Еще не кончив фразы, я слышу, что в мой голос вплетается искательная, виноватая нотка. На такой ноте кончать нельзя! Голос из окна молчит: служащий Бюро явно намерился слушать меня эту последнюю минуту, не перебивая. С каждым ударом сердца почти секунда уходит невозвратно.
До слез обидно, что несколько минут назад я сказал: «Если у меня будет больше площади, то и времени у меня будет больше», и голос потребовал объяснений — а я объяснять не стал, зачем-то уцепился за мысль, что задерживал отчеты, чтобы кто-нибудь их наконец прочел.

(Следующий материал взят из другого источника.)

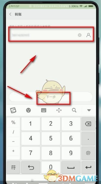3、接下來,輸入收款方的小米賬號或手機(jī)號碼,并填寫轉(zhuǎn)賬金額,點(diǎn)擊下一步繼續(xù)。
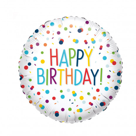 Balão Foil Redondo Happy Birthday Confetti 43cm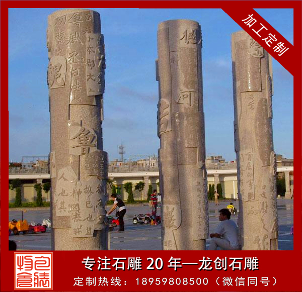 石雕文化柱也被稱為石雕圖騰柱或者文化景觀柱以及石頭文化柱等,當石雕文化柱以單體形式出現時一般是作為城市廣場的主雕而放置在廣場的視覺中心位置,尺度高大醒目,空間領域覆蓋整個廣場。下面由石雕文化柱廠家-惠安龍創石雕工藝有限公司對石雕文化柱圖片及文化柱的作用做個介紹。

Сейчас я настроен решительно.
— Когда я сказал: «Если бы у меня было больше площади, то и времени было бы больше», я вот что имел в виду: продираться сквозь людей и всякие препоны отнимает столько физических и душевных сил, что я не успеваю управиться с любимыми и нужными делами.

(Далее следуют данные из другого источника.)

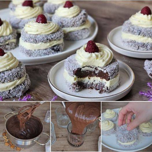 Izvadite tortu iz čaše i uvaljajte je u kokos, pa isecite na 3 koluta. Kolutove stavite na pleh, prelijte zaslađenom pavlakom umućenom sa vanilijom i prelijte preostalim kolutovima čokolade. Ponovo sipajte šlag, ukrasite po želji i poslužite.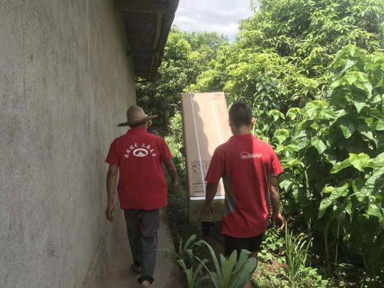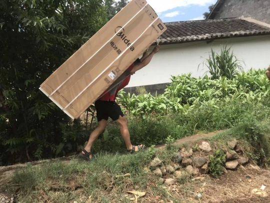 云南省的京东家电专卖店配送员用起重机将冰箱吊到客户家里,可没有起重机的农村,如果冰箱进不了大门,怎么样才能把冰箱运到家里呢?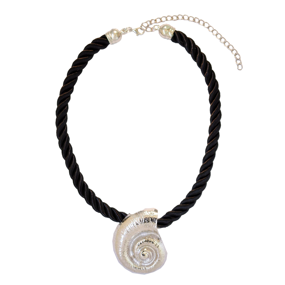 É uma bijuteria em metal prateado, choker de corda preta com uma concha grande pode dar um toque boho e praiano ao teu look. Para um look descontraído e de verão, combina o choker com roupas leves, como vestidos de linho, tops soltos ou macacões. Os tons naturais como branco, bege ou cores pastel combinam bem com a estética praiana. Fica ótimo com biquínis ou fatos de banho se quiseres usar na praia.

— Как и все, — подхватывает голос, имея в виду сказать, что лично он с делами управляется, но сказанное справедливо даже в отношении служителей Бюро.
Нет, все-таки мало быть сыном доброй матери и отважного отца; сейчас я ни капельки не особенный. Мне резануло по сердцу это «как и все»… Сердце бухает трижды. Кончится когда-нибудь эта минута? Она растягивается, словно рогатка. Если время действительно есть пространство, тогда эта минута пространна, как «Зелень», глуха, как тот первобытный лес, что припоминали листья-шептуны на деревьях в «Зелени». И в том лесу я заблудился. Кричу, но ни одна душа не слышит.
Я делаю усилие и кричу:
— Писателю требуется…
— Ровным счетом то же самое, что водителю автобуса.
Голос буквально выпаливает ответ. В разговоре это называется «оборвать». С какой стати — водитель автобуса? Странный пример. Водители автобусов такие хамы. Грех их осуждать, но это так… Наконец и я теряю голову — я собственными ушами слышу свой крик.
— Вы даже в эту последнюю минуту не даете мне сказать то, что мне нужно!
— Говорите.
А я уже не знаю, что хочу сказать. Мне нечего сказать. Я кричу что-то, но без всякого смысла. Я молочу руками воздух. Предостерегаю друга о близкой опасности? Или моя гневная жестикуляция подкрепляет вылетающие из меня слова?
Голос за окном объявляет:
— Ваше время истекло. Прошение отклоняется.
Теперь я отчетливо слышу, какие слова кричу:
— Это не означает: беспристрастно выслушать! Вы не дали мне никакой возможности сказать, что я хотел. Вы прерывали меня всякий раз, когда я только открывал рот…
Я кричу громче, громче.
Без тени выражения голос спрашивает:
— Вызвать охранников?
Я видел, как хороши в деле атлеты-полицейские, и ведь именно от этого окна уволакивали они того кричащего человека. Я не отвечаю и только отрицательно мотаю головой: не надо.